Using the principles described above, the valid pixels on either side of the missing data regions are identified. There is a pixel at the left 710 and the right 712 of the first missing data region 704. There is a pixel at the left 714 and the right 716 of the second missing data region 706. Each of these is identified with a unique style of cross-hatching. The pixels on either side of each region are un-projected into the 3D space to yield two positions for each region labeled as P1, P2, P3, and P4. The cross-hatching shows that the left most pixel 710 is un-projected to form P1. Similarly, the pixel 712 on the left side of the first region 704 corresponds to point P2. The left side pixel 714 relative to the missing data region 706 corresponds to P3 and the right side pixel 716 corresponds to P4. Vectors are then determined from the second camera position C2 to each of the four points and the angle between vectors to outside points is determined.
From the point-of-view of the first camera, the positions are ordered P1, P2, P3, and P4. However from the point-of-view of the second camera at C2, the positions are ordered P1, P4, P2, and P3. The change of order splits the shadow region 704, 706 in two.
In order to accommodate such split regions, the system can first try to classify the shadow region as a single missing region. If that fails (i.e. not classified as a shadow region because the angle is too large or larger than a threshold), then the system can try to classify neighboring regions together (in this example, classifying the regions together would be trying to classify all of the pixels between the outer pixels 710, 716 in the row corresponding to un-projected point P1 and P4.
A three camera system may also be accommodated using the techniques described herein. FIG. 8 shows a three camera system in which three cameras are positioned on an image plane 820 at spatially separated positions C1, C3, C2. In this example, the center camera is a higher resolution camera for capturing color images. The other two cameras C1, C2 are for capturing depth information to be combined with the higher resolution image. In other words, the depth data is projected onto the new camera, which may be called the RGB camera. The other cameras may be infrared, monochrome, or another type sufficient for determining depth.
As in the example of FIG. 7, there are two regions 804, 806 for which depth data is missing in a portion of a row of pixels of an image 802. There is a pixel in the row to the left 810 and to the right 812 of the first region 804 and a pixel to the left 814 and to the right 816 of the second region 806. These have been un-projected into 3D image space and correspond to points P1, P2, P3, and P4, respectively, on objects in the actual 3D scene imaged by the cameras. This correspondence is shown using different style of cross-hatching to link the pixels with the points.
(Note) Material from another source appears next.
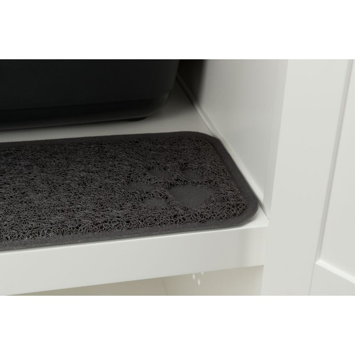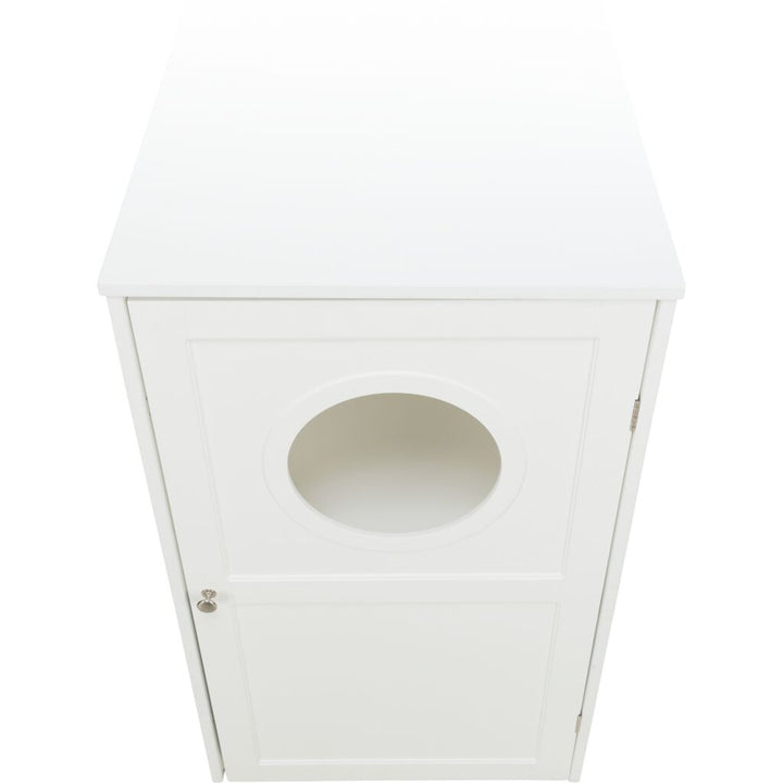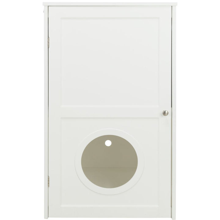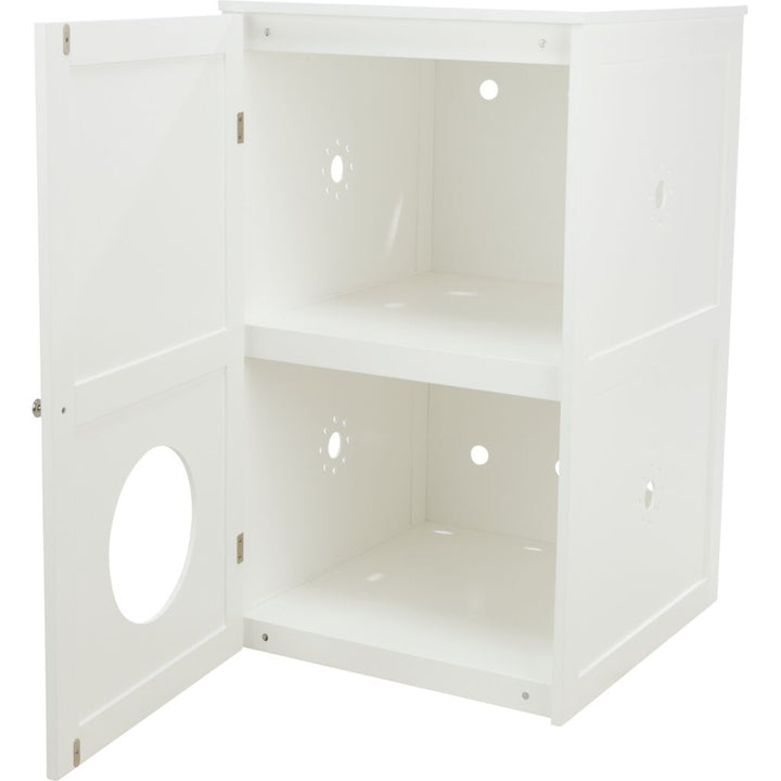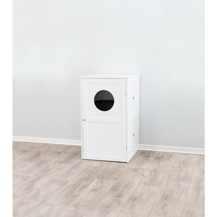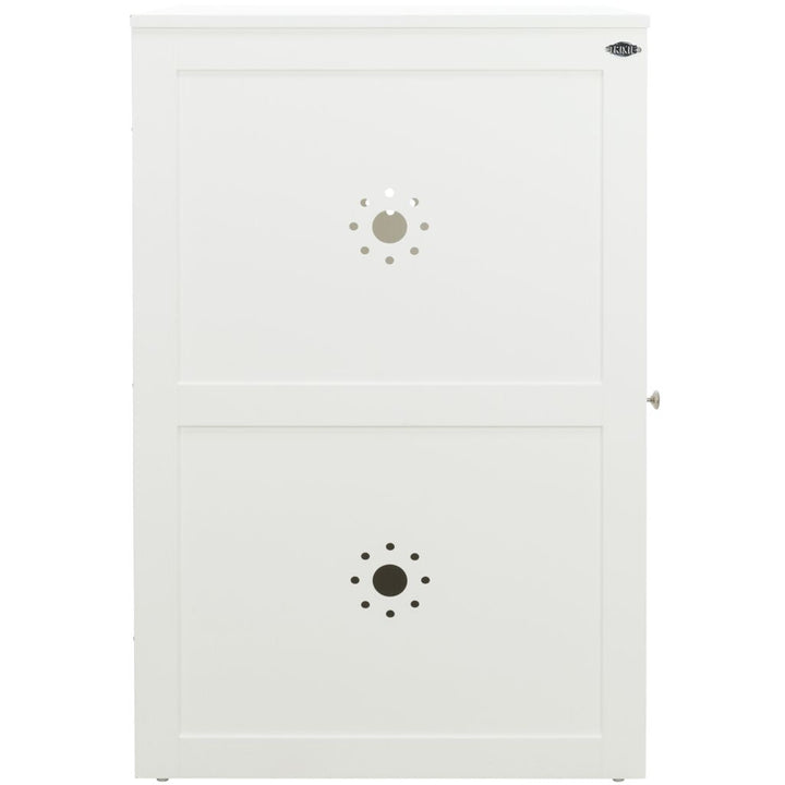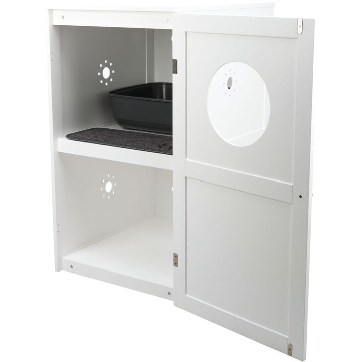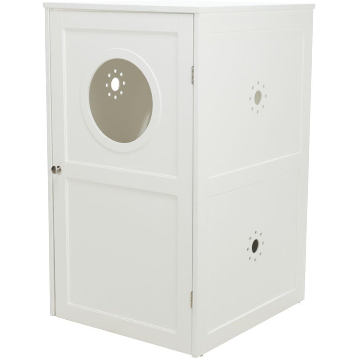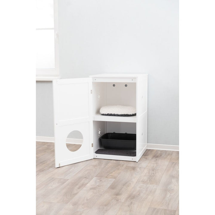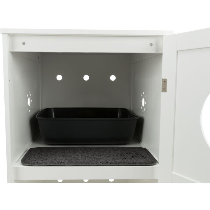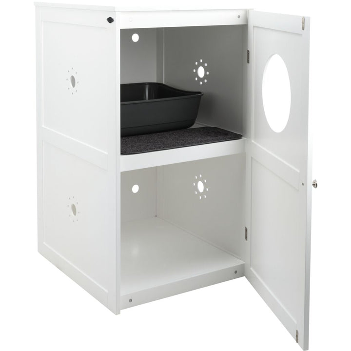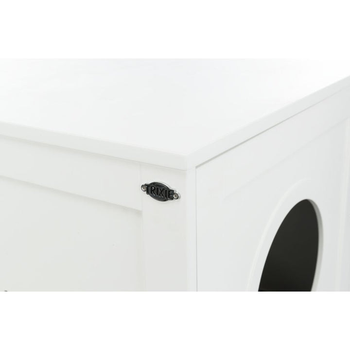 Verstecken Sie die Katzentoilette Ihrer Katzen im Katzenhaus für Katzentoilette XL von Trixie! Es verhindert das Austreten der Streu und bietet Platz für Utensilien, regelmässiges Säubern und eigene Spielereien. Ein Magnetverschluss für die Tür, Einstiegslöcher oben und unten und das Einstellen des Eingangs nach rechts und links sorgen für extra Komfort. Coole Katzensache! 53 × 90 × 58 cm. Weiss.

In this example, there are three objects 822, 824, and 826. P1 is on the first object 822. The second two points P2, P3 are on the second object 824, and the fourth point P4 is on the third object 826.
If the new camera is located between the two original cameras and the order from left to right is C1, C3, and C2, then shadows on the left side of an object (i.e. shadows where the left point P1 is further from the camera than the right point P2) may be computed using the new camera and the one on its left side (i.e. C3 and C1). Shadows on the right side (i.e. shadows where the left point P1 is closer to the camera than the right point P2) may be computed using the new camera and the one on its right side (i.e. C3 and C2).
As an example, the left side missing segment 804 between the left side pixels 810, 812 corresponding to P1 and P2 is computed using C3 and C1. The right side segment 806 between the right side boundary pixels 814, 816 corresponding to P3 and P4 may be computed using C3 and C2. The determinations are done as described in detail above using vectors drawn from the camera positions to the points in 3D space on either side of the missing data regions and then determining the angle between the vectors to classify the regions 804, 806 between these points as either shadows or not shadows.
If the new camera position, C3, is not located between the other two camera positions C1, C2, then this example breaks down to the same two camera scenario as in the previous examples. The determination may in such a case be done using only C3 and C2.
Alignment shadows may sometimes occur due to rasterization. Alignment shadows show up as thin shadow-like regions on the opposite side of the object from an actual shadow region. As an example, if the second camera is located to the right of the first camera there might be shadow-like regions on the right side of the object. For alignment shadows, the two camera positions C1 and C2 may be set to be at origin points (0,0,0). With this adjustment, the same un-project, vector determination, and angle comparison approach may be used as described above.
The techniques above may be described in a general sense in a pseudo code as provided below. In this example there are up to three camera positions, a central depth camera at Cdepth, similar to the camera at position C3 in FIG. 8. There is also a camera potentially at either side of the central depth camera. These correspond to C1 and C2 above but are labeled here as Cleft and Cright. Accordingly, the pseudo code example uses a depth image and three camera positions.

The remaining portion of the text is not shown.